By Anne Kauranen
HELSINKI (Reuters) -Finland’s Nokian Tyres on Tuesday posted a third-quarter operating profit below analysts’ expectations and said it was making good progress in rebuilding capacity following its exit from Russia.
The tyre maker exited Russia in response to its 2022 invasion of Ukraine, and last October sold its Russian plant where it used to make 80% of its passenger car tyres.
The company is now focused on sourcing production from China, while building a new factory in Romania and ramping up output at existing Finnish and U.S. sites.
The new factory “is starting to take shape and is well on track for the first tyres to be produced in less than a year,” Nokian Tyres CEO Jukka Moisio said, referring to the second half of 2024.
Commercial production is expected to begin in 2025, the company said.
The Romanian plant, which will have capacity to make six million tyres per year, will only partially replace lost output from Nokian’s now divested Russian operation that could produce 17 million passenger car tyres.
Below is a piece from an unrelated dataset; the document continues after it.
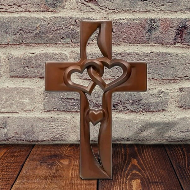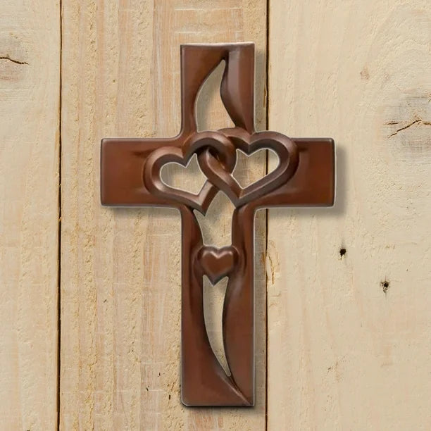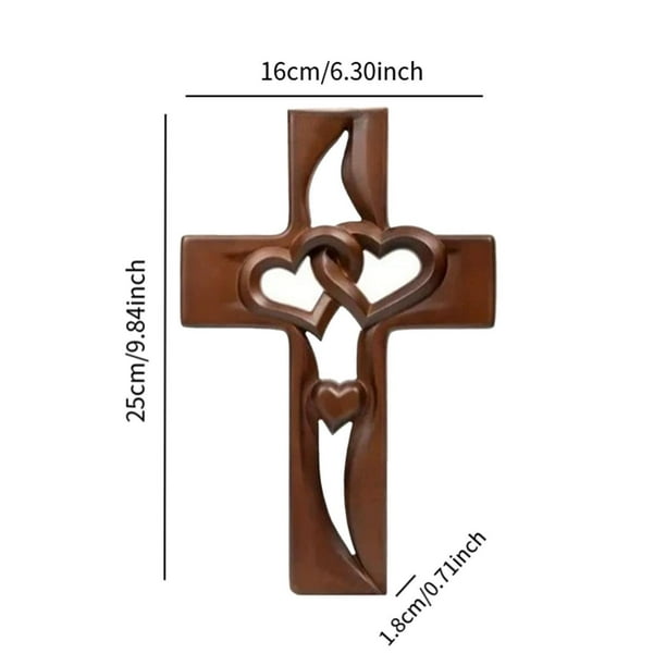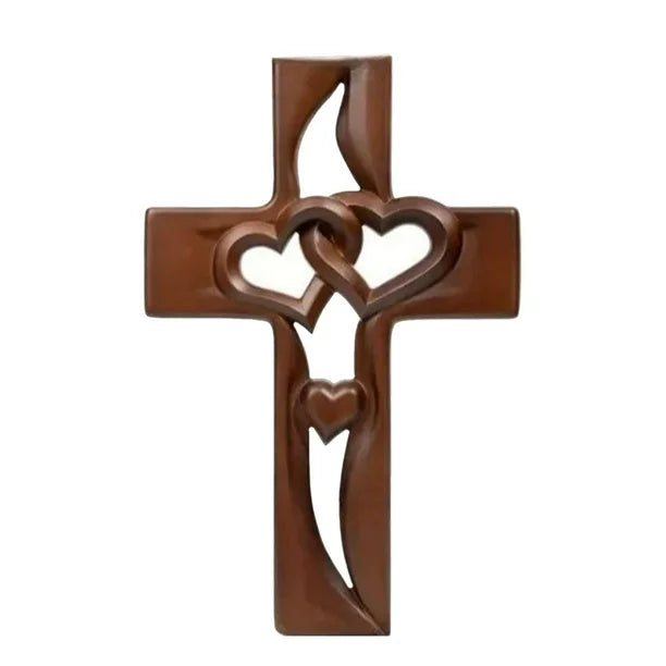 Et smukt håndskåret trækors med sammenflettede hjerter – et meningsfuldt symbol på evig kærlighed og guddommelig nåde til din væg.

The company said contract manufacturing would amount to around 1.5 million tyres this year, while its Finnish factory has also increased production.
At its U.S. factory, equipment installations are ongoing and new production lines will start up by the end of this year, it added.
Nokian said the Romanian government had approved an investment subsidy for up to 99.5 million euros for the 650 million-euro factory.
That subsidy “is currently under review and under investigation by the EU Commission”, Nokian supply operations executive Adrian Kaczmarczyk said on a conference call.
Shares in the company were broadly steady on the day at 1407 GMT.
Nokian said it expects strong cash generation in its seasonally strongest fourth quarter.
The tyre maker last week reported preliminary segment figures for the third quarter and lowered its full-year outlook due to weaker demand, sending its shares down.
Operating profit fell to 8.3 million euros ($8.9 million) from 40.7 million in the year-ago quarter, the company said on Tuesday, missing the average of 26.6 million expected by 10 analysts in a poll provided by the company.